> [INSTRUCTIONS FOR THE TASK] Leaving out the pictures, return word for word the stretch of entries below from the line holding "La cartuccia rubinetto" through the line holding "T-shirt promozionale a".

> [DATA SHOWN]

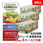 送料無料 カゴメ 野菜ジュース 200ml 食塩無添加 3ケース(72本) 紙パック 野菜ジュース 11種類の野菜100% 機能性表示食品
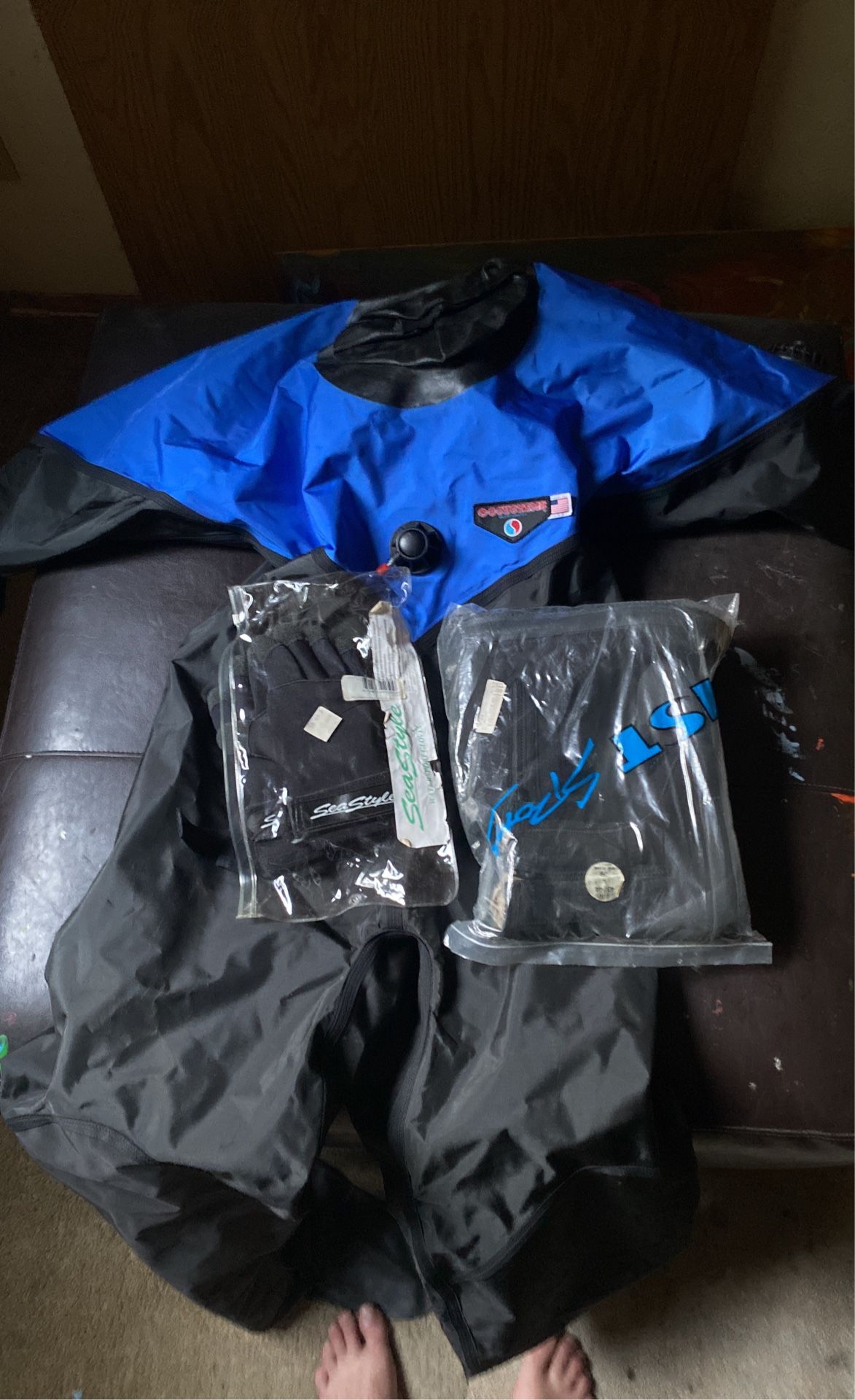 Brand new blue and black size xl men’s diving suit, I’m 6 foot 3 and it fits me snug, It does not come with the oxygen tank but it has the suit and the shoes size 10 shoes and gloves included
--
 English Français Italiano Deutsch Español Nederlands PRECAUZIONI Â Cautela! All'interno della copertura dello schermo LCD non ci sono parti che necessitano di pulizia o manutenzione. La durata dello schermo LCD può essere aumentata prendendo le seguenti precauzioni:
* * *
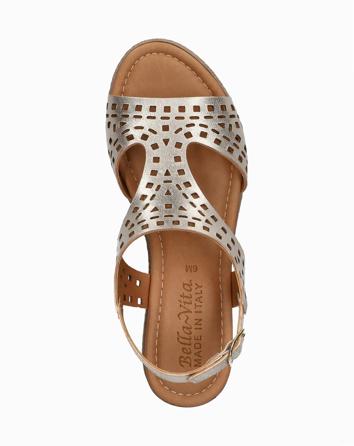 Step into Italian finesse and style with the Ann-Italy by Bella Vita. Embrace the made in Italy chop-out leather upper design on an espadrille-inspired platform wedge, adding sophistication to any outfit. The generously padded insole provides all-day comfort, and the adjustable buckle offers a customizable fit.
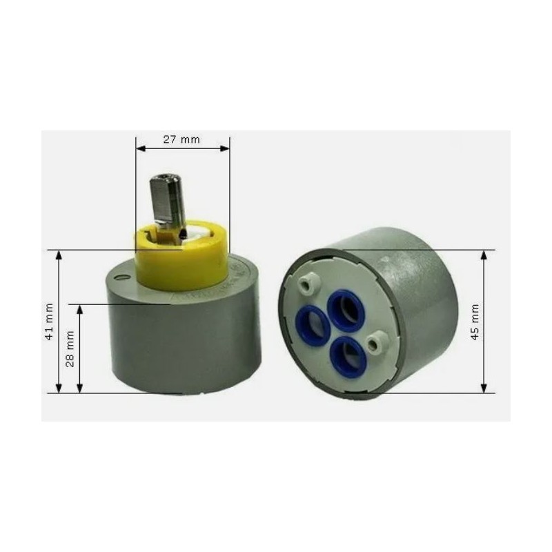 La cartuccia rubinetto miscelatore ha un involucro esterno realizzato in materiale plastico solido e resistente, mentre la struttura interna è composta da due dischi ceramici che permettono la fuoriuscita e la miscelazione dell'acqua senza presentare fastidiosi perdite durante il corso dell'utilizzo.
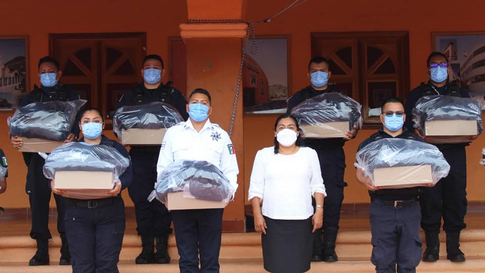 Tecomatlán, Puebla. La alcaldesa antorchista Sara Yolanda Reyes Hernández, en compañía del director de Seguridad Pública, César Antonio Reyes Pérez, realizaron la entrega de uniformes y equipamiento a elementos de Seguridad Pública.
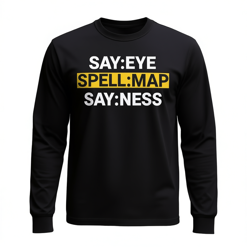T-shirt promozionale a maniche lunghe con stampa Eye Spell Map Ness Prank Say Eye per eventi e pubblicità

> [REPLY TO THE EXERCISE]
 La cartuccia rubinetto miscelatore ha un involucro esterno realizzato in materiale plastico solido e resistente, mentre la struttura interna è composta da due dischi ceramici che permettono la fuoriuscita e la miscelazione dell'acqua senza presentare fastidiosi perdite durante il corso dell'utilizzo.
 Tecomatlán, Puebla. La alcaldesa antorchista Sara Yolanda Reyes Hernández, en compañía del director de Seguridad Pública, César Antonio Reyes Pérez, realizaron la entrega de uniformes y equipamiento a elementos de Seguridad Pública.
T-shirt promozionale a maniche lunghe con stampa Eye Spell Map Ness Prank Say Eye per eventi e pubblicità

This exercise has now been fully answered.